Разумом осознал трезво — отмеренный, плугом отрезанный кусок его жизни остался позади,
впереди война, трудная борьба, возможно, и смерть, поэтому и лучше, что встретит ее вольным
казаком, некому будет по нему горевать и сохнуть. Сердце же этого не приняло. Оно должно
было болеть и сжиматься, оно должно было вынести такую нагрузку, на какую только способен
человек.
Он сновал по комнате, заглянул в спальню — широкая кровать, чуть видневшаяся в
полутьме, показалась похожей на гроб; остановился возле шкафа, по очереди открывал дверцы,
оставлял их неприкрытыми. Наткнулся взглядом на бутылку водки.
Откупорил поллитровку, наклонил над стаканом. Не заметил, как и через край плеснуло.
— Будь счастлива, актриса!
Пил, не ощущая вкуса водки. Даже подумал: может быть, вода налита в бутылку? Но вскоре
вынужден был даже схватить кусок хлеба, бросить в рот.
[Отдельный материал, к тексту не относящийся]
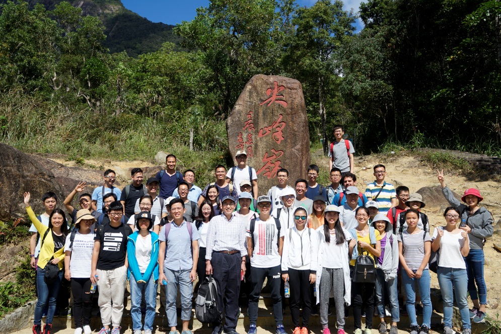 當天上午11點30分,參加活動的成員抵達尖峰嶺國家森林公園,登山活動分成兩個小分隊開展。隨后兩個小分隊分別沿不同的方向爬坡,山路兩邊是茂密的熱帶雨林,隨著海拔高度上升,氣溫不斷下降。約半個小時后,天池小分隊率先到達目的地,熱帶雨林中海拔最高、面積最大的高山湖—天池。這里四周雨林常青,水常藍,碧波蕩漾,一塵不染,燦爛的陽光與水中樹影相映成趣。大家圍著天池邊的棧道游覽,隨后又深入雨林尋找秋意。另一邊,主峰小分隊經過了蜿蜒的盤山公路到達山腳下,大家在有一絲絲涼意的空氣中開始了問鼎主峰之旅。走過了由木棧道、石道、盤根錯節的原始小徑交織的山路,在蜜蜂、蝴蝶、花朵、雨林、陽光、秋風的陪伴中,大家先后登上了海拔1412米的主峰。在主峰上,大家分享著食物,感受著大自然,疲倦也一掃而光。回程路上大家玩著游戲,歡聲笑語灑滿一路。

Пожевал, проглотил, и сразу как-то
отпустило, мысли притупились, он безразлично махнул рукой.
Принадлежал Андрей Качуренко к тем людям, которых нелегко было поставить на колени
перед судьбой или заставить спасовать, покориться даже самому тяжелому горю. Сердце болело,
протестовало, а разум уже примирился, приказывал: будем жить по-новому.
Какое-то время, пошатываясь, ходил по комнате, потом — как был одетый — повалился на
диван, прижался горячим лицом к скомканной подушке, полежав, поднялся на локоть, вынул из
кобуры пистолет, положил под подушку.
На рассвете приснилось что-то невразумительное, болезненное, хотел и никак не мог
выпутаться из этого призрачного состояния. Показалось ему, будто бы в комнату набилось полно
непрошеных гостей, кричали что-то непонятное, он старался вслушаться, о чем речь, его
непочтительно подняли на ноги; раскрыв глаза, увидел каких-то незнакомцев с холодными
презрительными взглядами, в чужой зеленой форме, с черными автоматами поперек груди…
VII
Ванько Ткачик по меньшей мере раз десять умирал и воскресал. Побывал он и Павкой
Корчагиным, и Орленком, и тем комсомольцем, который смело сказал врагам: «Я — комсомолец!
Стреляй!» Его убивали в неравном бою, его расстреливали петлюровцы и деникинцы, а он,
словно сказочная птица, воскресал из пепла.
Не мог себе представить Ткачик собственной смерти, а тем более смерти матери. Отец —
другое дело, его убили десять лет назад, Ваньку было только одиннадцать, как-то и не верилось
в то, что отца нет в живых: как председателя районного комбеда, его хоронили миром, лежал он
в клубе на высоком постаменте, в красном гробу, в цветах, под охраной почетного караула,
везли его на кладбище на странном возу с черным, украшенным красными лентами балдахином.